Search code examples
hivedatabricksspark-structured-streamingdelta-lake

Spark streaming writing as delta and checkpoint location


I am trying to stream from a delta table as a source and then also writing as delta after performing some transformations. so, this all worked. I recently looked at some videos and posts about best practices and found that I needed to do an additional thing and a modification.

  1. The addition was adding queryName
  2. Changing the checkpoint location, so that it resides alongside the data and not in a separate directory , like I was doing.

So, I have one question and a problem

Question is- can I add the queryName now, after my stream has been running for sometime , without any consequences?

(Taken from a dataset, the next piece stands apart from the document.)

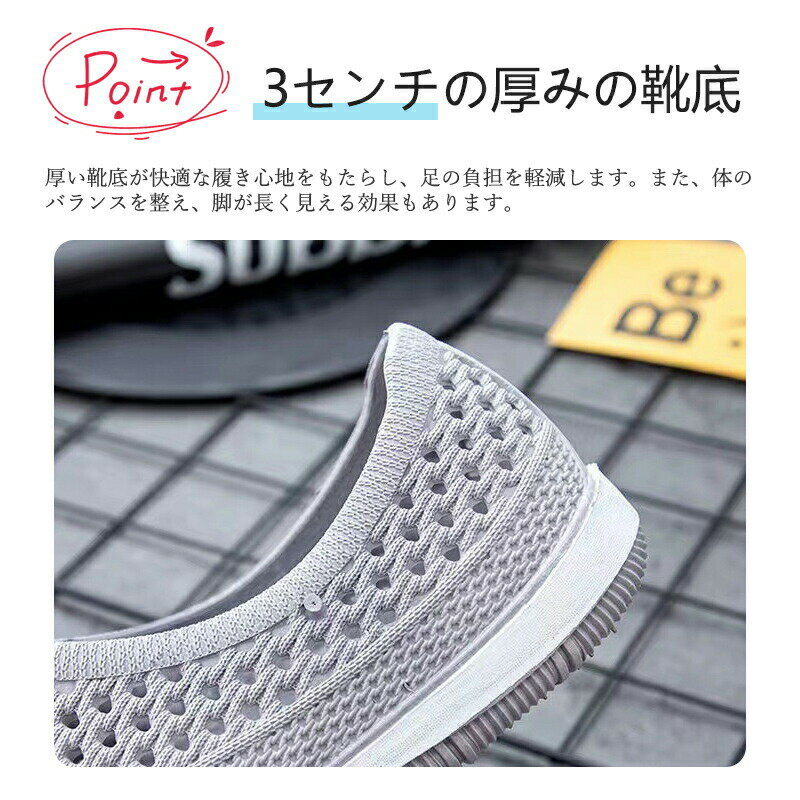 <おすすめポイント> 1. 通気性 MAX のメッシュデザイン 足元をサッキリ快適に保つメッシュ素材。暑い日も蒸れず、日常使いから軽いアウトドアまで、ファッション性と機能性両立! 2. 3 センチ厚底で “履き心地 + 脚長効果” 厚底が快適な歩行感をサポート!足の負担を軽減しつつ、体のバランスを整え、脚が長く見える視覚効果も◎ 3. 摩耗に強い高耐久素材 高品質素材の靴底は、長期間の使用にも耐えられる。毎日履いてもすぐに劣化せず、お得なロングライフデザイン 4. 超柔軟素材で “折れても形崩れなし” 編み込み素材が足に沿って優しくフィット。繰り返し曲げても形が崩れず、通勤・通学からレジャーまで、活躍場所問わず快適サポート <商品仕様> ■カラー:ブルー、ブラック、グレー ■サイズ:24.5cm-26.5cm <ご注意> ※※サイズはスタッフによる平置き実測サイズの為、1~3cm誤差が生じる場合がございます。 ※画像はイメージです。実物と多少異なる場合がございます。予めご了承くださいませ。 ※ご使用のモニター環境によって多少色合いが異なる場合がございます。 <備考> ※開封後の商品など、製品の品質の問題であれば、ご利用いただいてからのご変更や交換も対応しておりますので、ご安心ください。 ※万が一商品に不具合がある場合は、無償交換・返金は可能です。マイナス評価する前にご遠慮なく当店と連絡してください。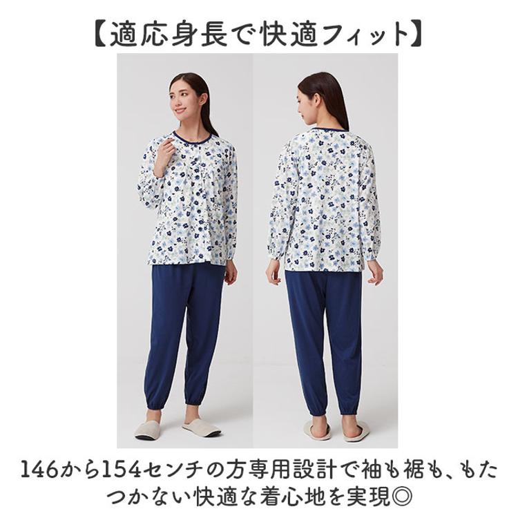 セルヴァン パジャマ 低身長 通販 ルームウェア 上下セット 部屋着 レディース 前開き 襟なし 小さいサイズ プチサイズ 長袖 小柄 女性用 春 夏 秋 裾ゴム シニア 高齢者 入院 ギフト

and the problem, is: Now, that I have put my checkpoint location as the same directory as my delta table would be , I can't seem to create an external hive table anymore , it seems. It fails with

pyspark.sql.utils.AnalysisException: Cannot create table ('`spark_catalog`.`schemaname`.`tablename`'). The associated location ('abfss://[email protected]/curated/schemaname/tablename') is not empty but it's not a Delta table

So, this was my original code, which worked

def upsert(microbatchdf, batchId):
   .....some transformations on microbatchdf
   ..........................
   ..........................
    # Create Delta table beforehand as otherwise generated columns can't be created
    # after having written the data into the data lake with the usual partionBy
    deltaTable = (
        DeltaTable.createIfNotExists(spark)
        .tableName(f"{target_schema_name}.{target_table_name}")
        .addColumns(microbatchdf_deduplicated.schema)
        .addColumn(
            "trade_date_year",
            "INT",
            generatedAlwaysAs="Year(trade_date) ",
        )
        .addColumn(
            "trade_date_month",
            "INT",
            generatedAlwaysAs="MONTH(trade_date)",
        )
        .addColumn("trade_date_day", "INT", generatedAlwaysAs="DAY(trade_date)")
        .partitionedBy("trade_date_year", "trade_date_month", "trade_date_day")
        .location(
            f"abfss://{target_table_location_filesystem}@{datalakename}.dfs.core.windows.net/{target_table_location_directory}"
        )
        .execute()
    )
   .....some transformations and writing to the delta table
 #end

#this is how the stream is run
streamjob = (
    spark.readStream.format("delta")
    .table(f"{source_schema_name}.{source_table_name}")
    .writeStream.format("delta")
    .outputMode("append")
    .foreachBatch(upsert)
    .trigger(availableNow=True)
    .option(
        "checkpointLocation",
        f"abfss://{target_table_location_filesystem}@{datalakename}.dfs.core.windows.net/curated/checkpoints/",
    )
    .start()
)

streamjob.awaitTermination()

Now, to this working piece , I only tried adding the queryName and modifying the checkpoint location (see comment for the modification and addition)

streamjob = (
    spark.readStream.format("delta")
    .table(f"{source_schema_name}.{source_table_name}")
    .writeStream.format("delta")
    .queryName(f"{source_schema_name}.{source_table_name}") # this added
    .outputMode("append")
    .foreachBatch(upsert)
    .trigger(availableNow=True)
    .option(
        "checkpointLocation",
        f"abfss://{target_table_location_filesystem}@{datalakename}.dfs.core.windows.net/{target_table_location_directory}/_checkpoint", # this changed
    )
    .start()
)

streamjob.awaitTermination()

In my datalake the _checkpoint did get created and apparently for this folder, the external table creation complains of non empty folder, whereas the documentation here, mentions that

enter image description here

So, why is the external hive table creation fails then? Also, please note my question about the queryName addition to an already running stream.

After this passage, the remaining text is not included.